I almost didn’t make it through my first few years. What do I mean by this? I mean it literally. The stress, the day-to- day wars I fought, the chaos and the insanity. It was too much on most days. Somehow though I survived eventually discovering that the prison experience is what you choose it to be. If you choose to use your time to run with those who have made prison a way of life so your life shall become. You’ll pull prison stint after prison stint, serve a life sentence in small year and 18 month chunks, and you’ll be none the wiser to it. I see it every day all around me.

Although I’m a prisoner I don’t feel imprisoned. I live life each day, writing this blog for you, working with the dogs, studying, smiling and loving life. I choose freedom from chaos. I am free in my mind. Ironically many free world citizens are prisoners of their thoughts, thinking of their life situation as a dead end or thinking that they are unhappy in an unhappy existence. Thus, it becomes. At the core of it all we find the things we seek, and the things we seek find us. Anyhow, I don’t mean to get all philosophical with you. I’m just talking; this is on my mind at the moment.

The quote at the beginning of this post came from a sheet of paper posted to a window at ORW, Ohio’s massive women’s prison known as “The Farm”. It was part of a sheet of quotes a staffer posted to encourage the women there to see their time as something positive. Who the author is I couldn’t say.

But the one thing I can say is that whomever it is understood what many in the world miss, and only a handful of prisoners realize. Freedom isn’t about bars and steel and concrete. Freedom is a state of being and existence. Freedom is a belief in yourself, God, life. Freedom is everything we seek it to be.

Christopher (MaCI) (OH)

In a couple of weeks I’m posting a new multi-part guest written women’s series, titled ”Sugar & Spice,” about the things that go on in women’s prisons that you never hear about. Don’t let the title of the series mislead you. There’s nothing nice about this sugar and spice: fights, revenge, mean girls.

Also if you haven’t you may want to check out the book titled ”Behind The Wall: A Prisoner’s Journal ($11.50, 483 pp., Amazon.com) (eBook $1.99) By Christopher Monihan. In it you’ll find every Lettersfromchristopher post from March 2019 thru April 2021. All in one place at your fingertips.

THANK YOU so much for following. Please share these posts with others.

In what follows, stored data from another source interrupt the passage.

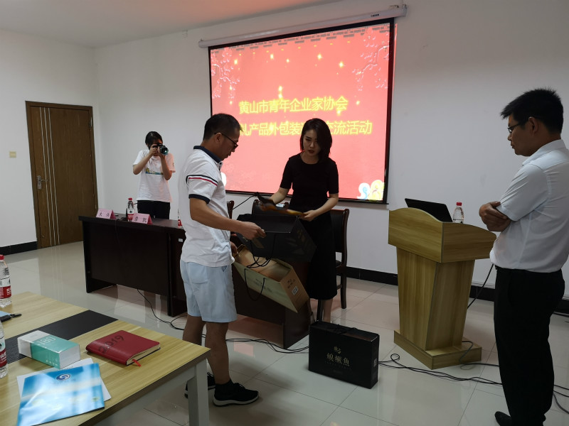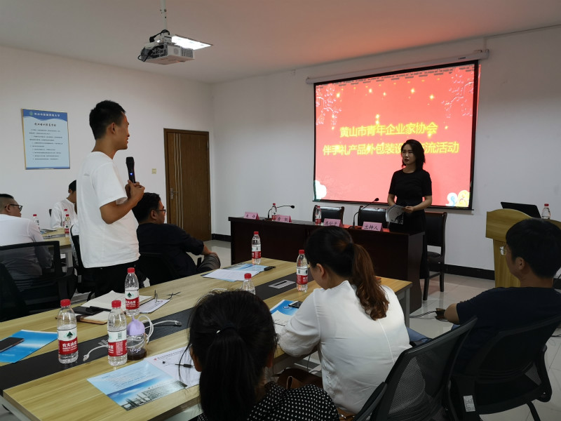 8月6日下午,伴手礼产品包装设计交流活动在黄山市新城创业大学举办。团市委副书记、黄山市青年企业家协会会长詹凯,黄山徽州竹艺轩雕刻有限公司总经理、黄山市青年企业家协会副会长朱伟,黄山市青年企业家协会会员企业代表30余人参加本次交流活动。
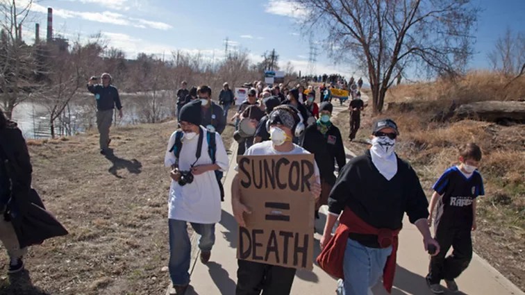 “There’s a lot of people in Denver who don’t know that Suncor exists not that far away and its impacts on the local community, which is a majority BIPOC individuals,” Talbot-Heindl says. “If you don’t know about something, you can’t join the fight against it, right? So, I feel like it’s important to let Denver know that this exists in Commerce City and that there’s like a local population that’s been fighting it for decades and they need help.”
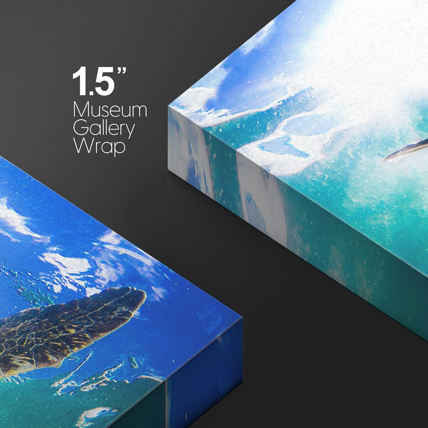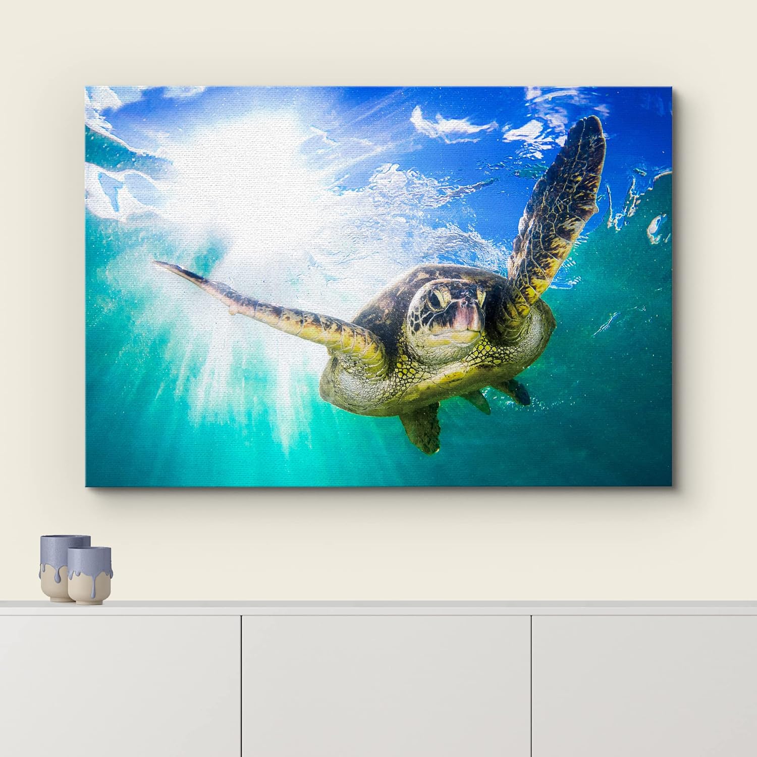 wall26 Canvas Print Wall Art Sunlight Tropical Ocean Underwater Turtle Nature Animals Photography Realism Rustic Scenic Landscape Wilderness Earth Colorful for Living Room, Bedroom, Office - 16"x24"
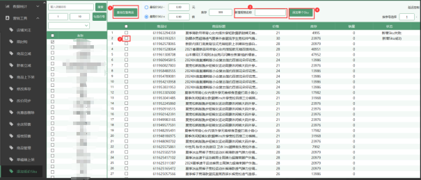 商家可在【营销工具】-->【修改库存】下,获取商品后,批量选择商品,输入修改数量,点击“修改库存”,即可对商品库存进行修改
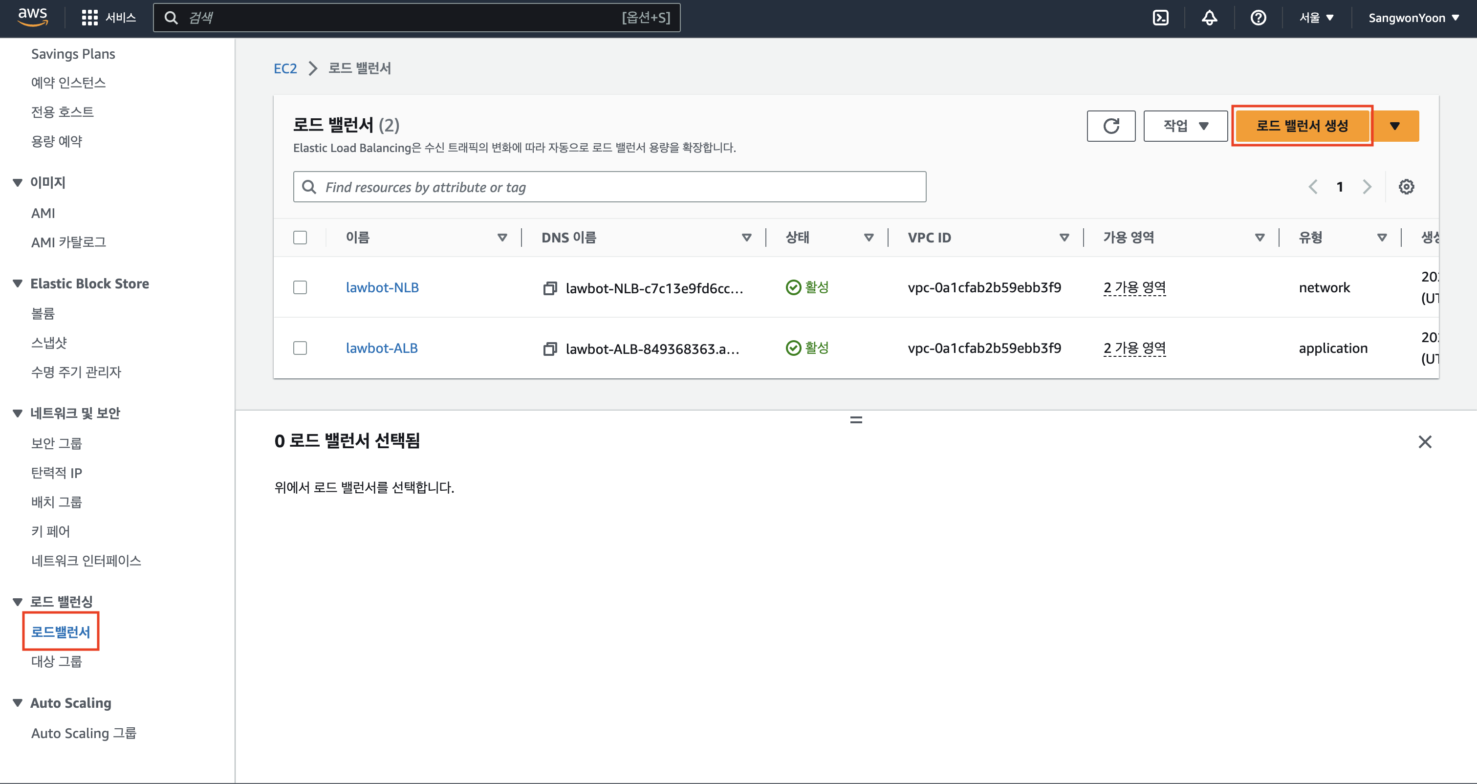 Application Load Balancer를 생성하는 방법은 EC2 서비스에 들어가서 좌측 탭의 로드 밸런서를 클릭 후, 로드 밸런서 생성 버튼을 클릭하면 된다.
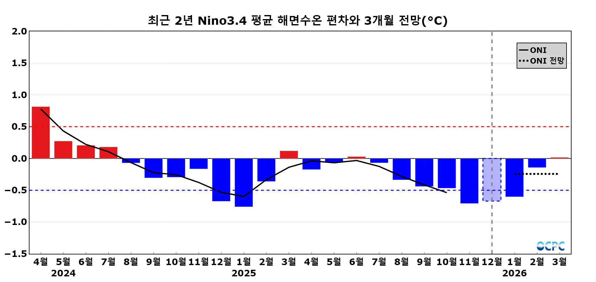 엘니뇨/라니냐 지수(ONI, Ocean Nino Index): 엘니뇨/라니냐 감시구역인 Nino3.4 해역의 월평균 해면수온 편차(채색부분)를 3개월 이동평균하여 나타낸 지수(검정색 실선)로 0.5보다 크면 엘니뇨, -0.5보다 작으면 라니냐로 판정합니다. 과거 지수(최근 2년)는 OISSTv2.1, 전망은 CFSv2 자료에서 산출하였으며, 검정색 점선은 3개월 전망의 평균값을 나타내고 투명도가 있는 막대 그래프는 1일부터 20일까지의 평균값(OISSTv2.1)을 의미합니다.
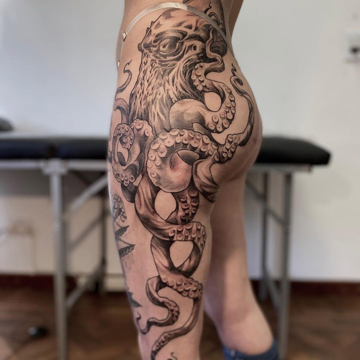 Inkden Tattoo Studio And Laser Removal Clinic Bio Mechanical Leg Piece Done By Shamack In One Long Full Day Session Shamack Has A Real Passion For This Style Of Work And Frequently
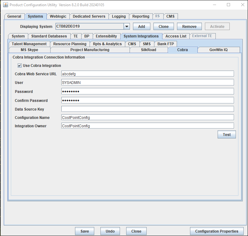 - If you currently download the Cobra information without the automated integration with Cobra Web Services, then you have not set up the integration in Product Configuration and will not see the connection for Cobra in the Manage System Integration Accounts application. You MUST enable/configure this connection in the Costpoint Configuration Utility. Note that it does not have to be valid values. (Please do NOT click the Test button to validate.)
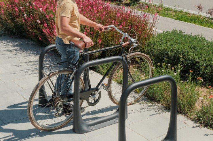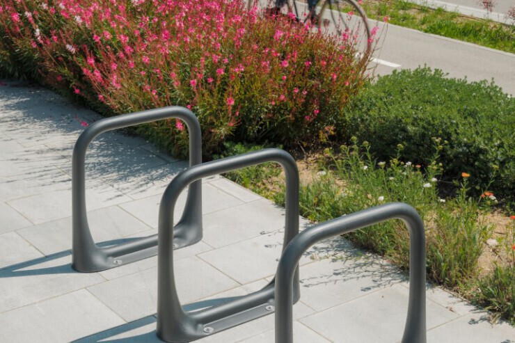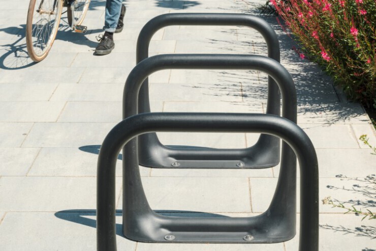 Nomad is een robuust fietsenrek dat past in iedere stedelijke omgeving. De fietsbeugel is gemaakt van 100% gerecycled polyethyleen, wat voorkomt dat fietsen beschadigen. Met vier verankeringspunten biedt Nomad plek aan twee fietsen. De buisvormige structuur en de roestvrijstalen bewapening maken het rek duurzaam en vandalismebestendig. Nomad is geschikt voor alle openbare ruimtes en wordt veel toegepast bij scholen en winkelcentra.
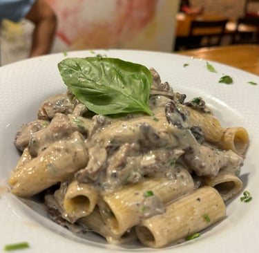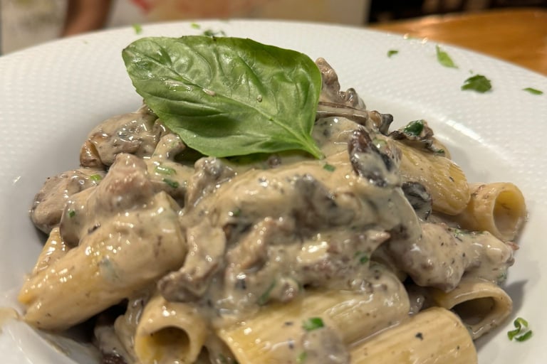 Nuestro Rigatoni Salsiccia, Porcini e Provola combina rigatoni al dente con una deliciosa salsa de setas, butifarra, cebolla caramelizada, mozzarella ahumada y parmesano. Cada bocado ofrece una armonía de sabores y texturas que capturan la esencia de la auténtica cocina italiana. Un verdadero deleite para los amantes de la pasta.
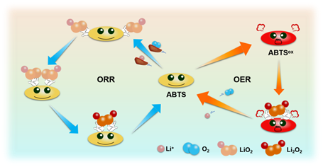 该工作在前期研究基础上进一步开展氧气电极液相催化研究,首次将2,2'-偶氮-双(3-乙基苯并噻唑啉-6-磺酸)二铵盐(ABTS)分子引入锂氧气电池体系。在放电过程中,高度对称ABTS分子两端的各有一个SO3-和NH4+离子对,有如“钳形”,可俘获两个LiO2分子,形成ABTS(LiO2)2中间产物,使其发生分子内歧化反应,促进电解液中Li2O2产物的快速生成,抑制超氧化物相关的副反应并改善了氧气正极的钝化问题;充电时,由于ABTS自身可以发生可逆的氧化还原反应和良好的电子转移能力,可以作为一种高效的氧化还原介质(RM)改善Li2O2氧化分解动力学。通过上述放电和充电过程中的双功能作用,实现了锂氧气电池更低的充放电过电位,更高的放电容量以及更长久的循环。
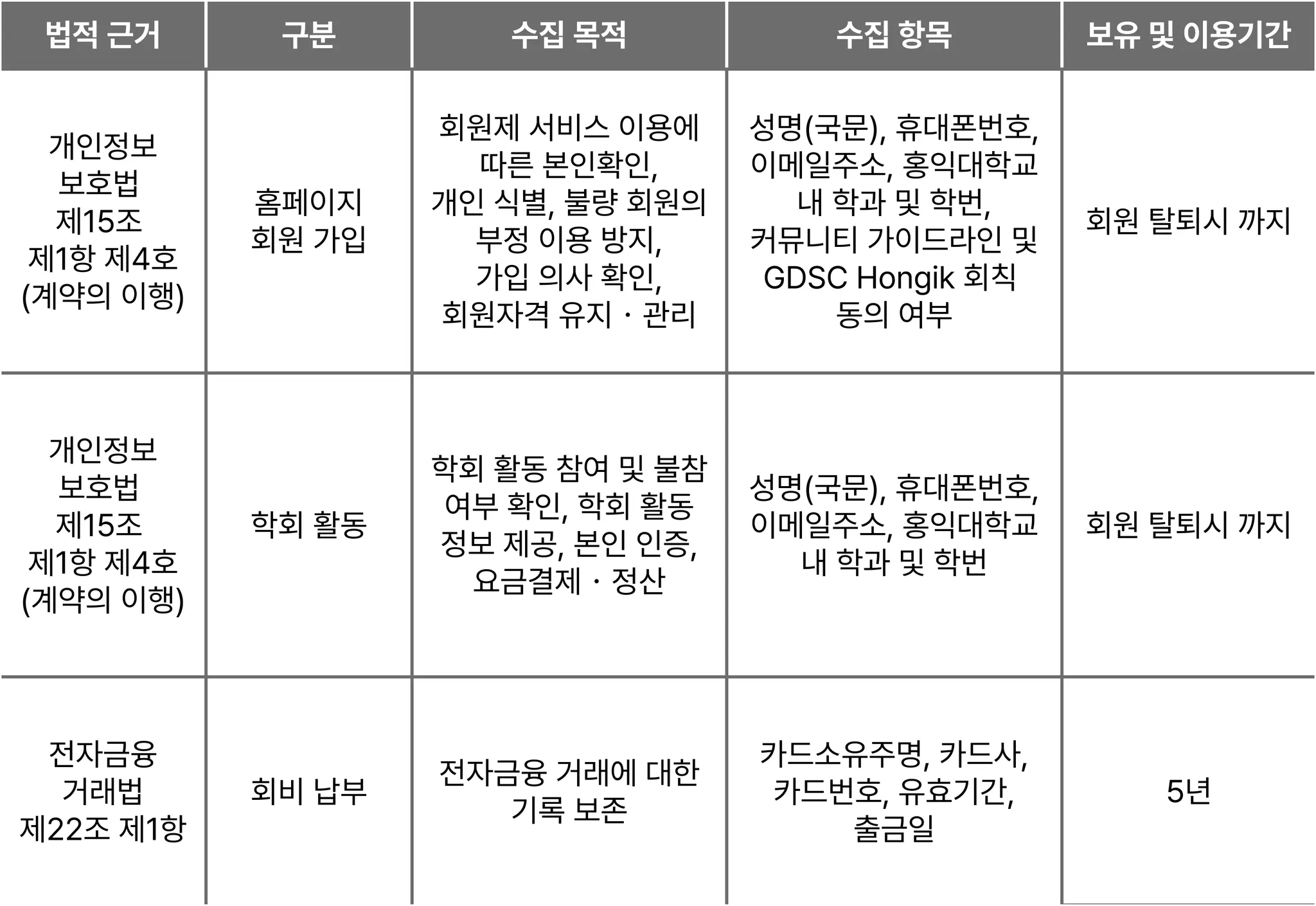 정보주체로부터 동의받은 개인정보 보유기간이 경과하거나 처리목적이 달성되었음에도 불구하고 다른 법령에 따라 개인정보를 계속 보존하여야 하는 경우에는, 해당 개인정보를 https://www.notion.so/gdsc-client-2563bf79d94940e4af4cdd3fb72124e6?pvs=4별도의 데이터베이스(DB)로 옮기거나 보관장소를 달리하여 보존합니다.
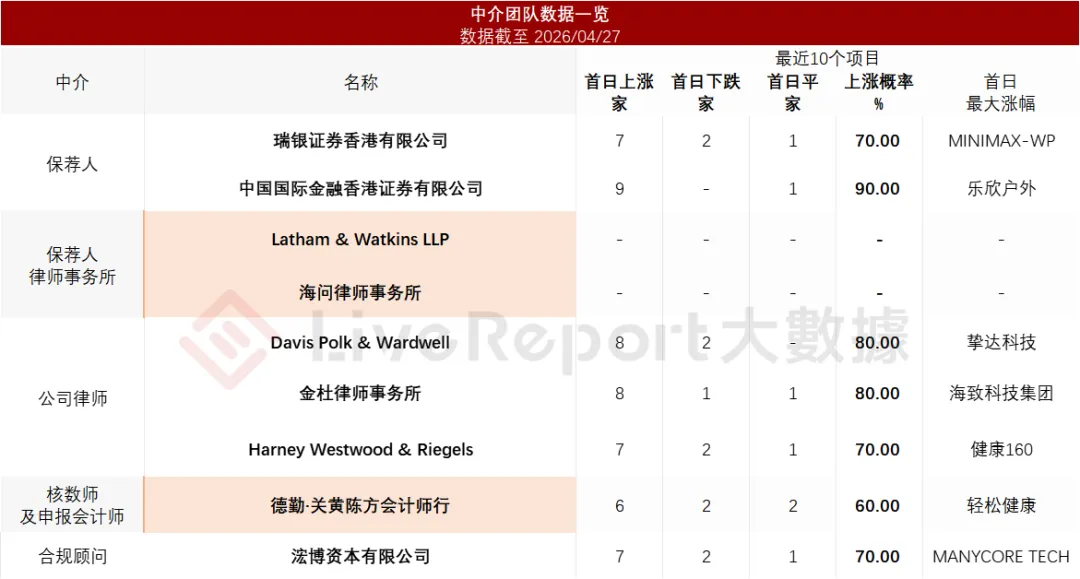 据LiveReport大数据统计,Extransfer中介团队共计9家,其中保荐人2家,近10家保荐项目数据表现值得肯定;公司律师共计3家,综合项目数据表现良好。整体而言中介团队历史数据表现尚可。
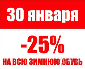 Только 30 января 2014 г. в обувном магазине «Лёгкий шаг» в Белгороде акция – на всю зимнюю обувь скидка 25%!
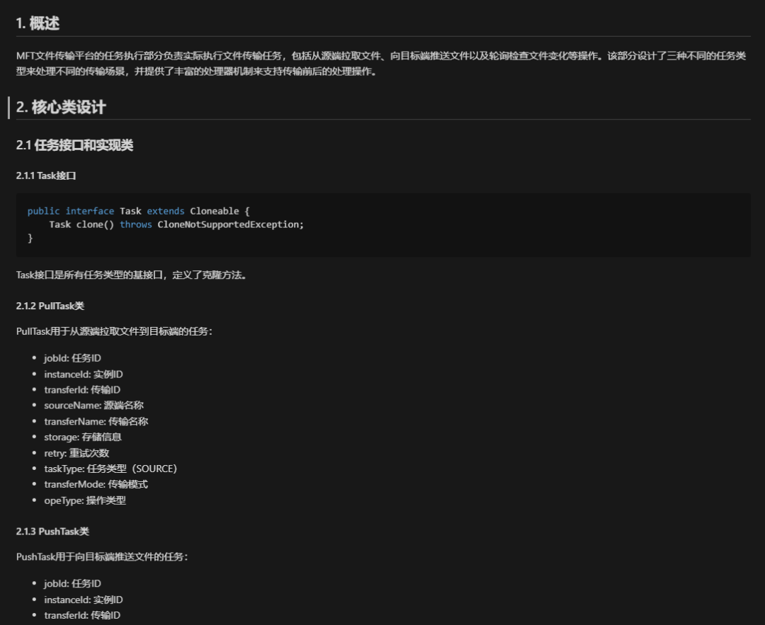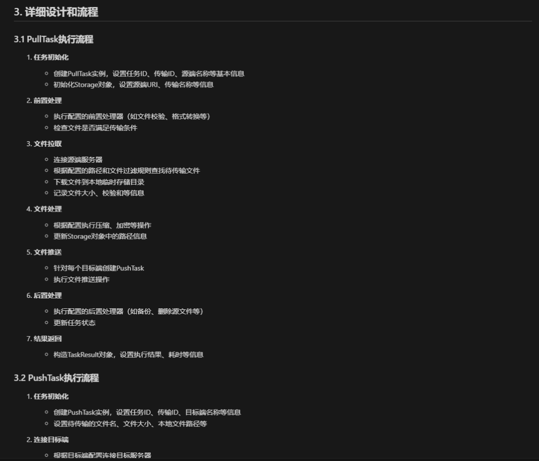 接着我们让AI帮我生成传输任务执行的详细说明书文档,我截图部分说明如下,可以看到里面有详细的类设计,任务执行算法流程设计等。
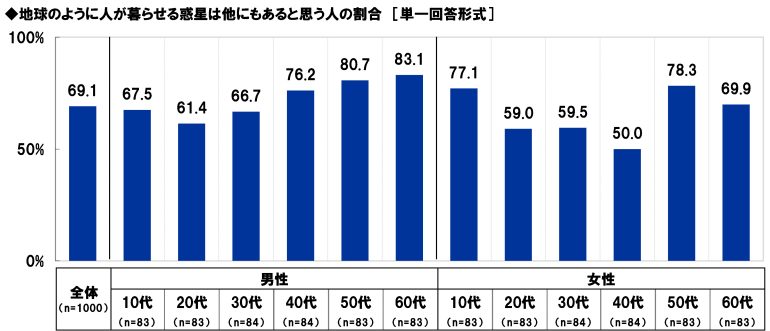 地球のように人が暮らせる惑星は他にもあると思うか聞いたところ、あると思う人の割合は69.1%となった。男女・世代別にみると、男性では20代以降で年代が上がるにつれてあると思う人の割合が上昇する傾向がみられた。
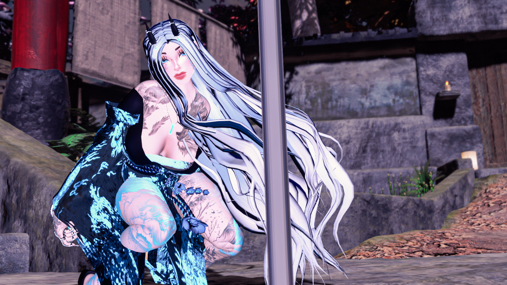 Ryoko the ice dragon and mate to Ryoma. This lethal beauty will mesmerize you with her looks and take you out with her weapons if you mess with those she calls her own. Ryoko has ice particles, full body smoke, DPS and Gogo Loco. Full Body Tracking Ready

One thought on ““Freedom Is A State Of Mind” by Christopher

  1. Mom Rosie

    I have read all of your “Letters from Christopher” and once in a while I am brought into “your reality”. This is one of those. Jimmy has sheltered us from most of what goes on in there to help us with our stress of having a son in prison. I am sure that each parent handles it differently. I know here at home my husband and I totally handle it differently. I am grateful that you have chosen to be open about many of the challenges you face in there. It helps me, even if in just a small way, to cope with the years of incarceration of both of you. Each of you seem to be doing the best you can and I thank God that you continue with that until the day you walk out of those concrete walls and steel doors. I will always consider you one of the family. Stay strong and safe.